Search

Pemain #GarudaSelect Mengenang Pertandingan Debut dalam Karier Sepakbola

Updated: Jan 31



Pertandingan pertama dalam sepakbola selalu berkesan. Pemain #GarudaSelect berbagi pengalaman tentang pertandingan debut yang tak bisa dilupakan.


"Pertandingan resmi pertama saya di Elite Pro Academy U-16 2020. Ketika itu saya membela Persebaya Surabaya menghadapi Bali United dan tim saya menang dengan skor 3-2. Sebelum pertandingan saya sempat tegang, tapi saya berusaha bermain seperti biasa dan menjalankan instruksi pelatih, hasilnya saya mencetak dua gol," kata pemain depan, Wahyu Agung Drajat.


"Kalau saya pertama kali bermain di Liga Kompas bersama Bina Taruna di tahun 2018. Ketika itu lawannya ASIOP dan tim saya kalah 0-2. Saya sangat kecewa ketika itu karena saya dan tim sudah berlatih serius. Saya juga menambah porsi latihan sendiri di rumah demi pertandingan itu. Saya sempat merasa kesal dan bersalah, tapi setelah itu justru jadi motivasi untuk kerja keras dan menang di pertandingan selanjutnya," kata Muhammad Faiz Maulana.

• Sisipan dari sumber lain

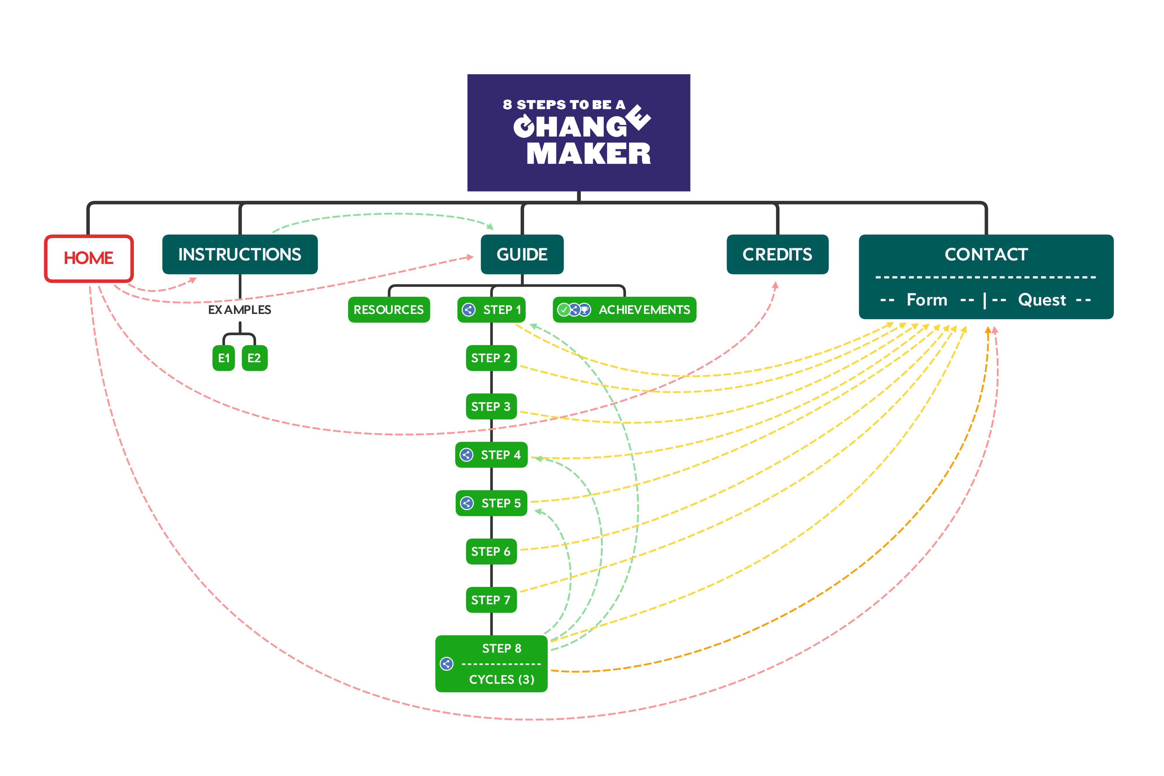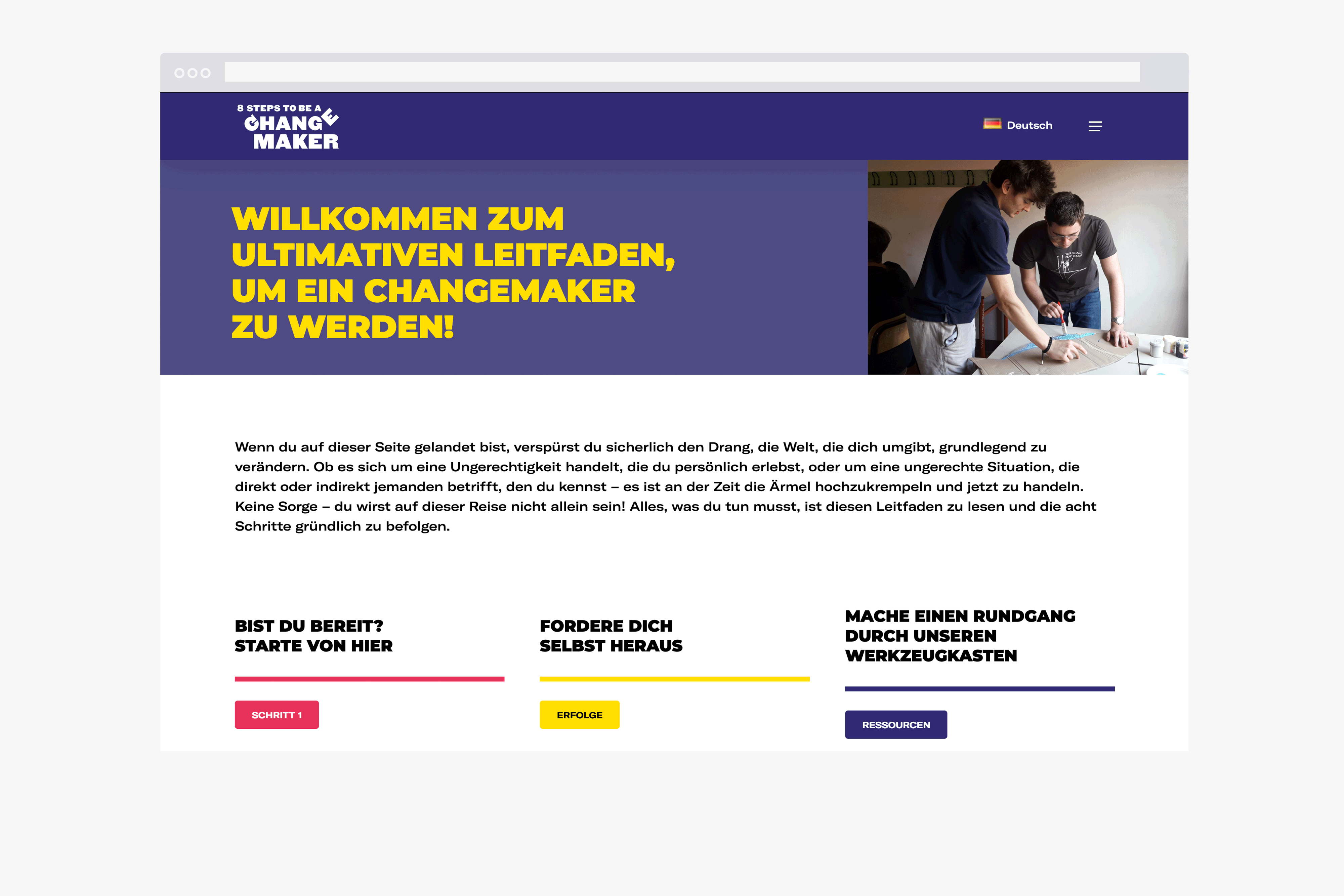 Through strategic workshops organised with the project leaders, we opted for the production of a digital guide divided into 8 steps, 4 sections and translated into 10 languages. 8 Steps to be a Changemaker is a platform offering advice, insights and tools to help groups of young activists convert their insights into real action.

"Pertandingan pertama saya ketika Piala Soeratin 2020 di Magelang. Saya membela Gabsis Sambas melawan Jambi dan tim saya menang dengan skor telak 3-0. Persiapan sebelum pertandingan saya sangat serius dan disiplin latihan bersama teman-teman yang lain. Tidak lupa saya minta doa restu orang tua agar bisa mendapat hasil maksimal," kata Roki.


"Debut saya terjadi saat bermain untuk akademi Majengo United tahun 2013. Ketika itu lawan yang dihadapi adalah Fair Play dan kami kalah 5-0. Pertandingan itu menjadi pelajaran berharga bagi saya. Saya sangat berharap bisa berkembang lebih jauh bersama Garuda Select dan suatu hari saya bisa kembali ke Tanzania sebagai pemain yang lebih baik," kata Shaban Mbwana Kingazi.

Sementara itu, Lorenzo Berra mengenang pertandingan debutnya bersama Como U-19 di tahun 2020. Ketika itu lawan yang dihadapi adalah Giana Erminio. "Saya bermain untuk tim U-19 meski saya baru berusia 17 tahun, sebelum pertandingan saya menyiapkan diri dengan serius bersama pelatih, sayangnya tim kami harus kalah dengan skor 2-1," kata Lorenzo.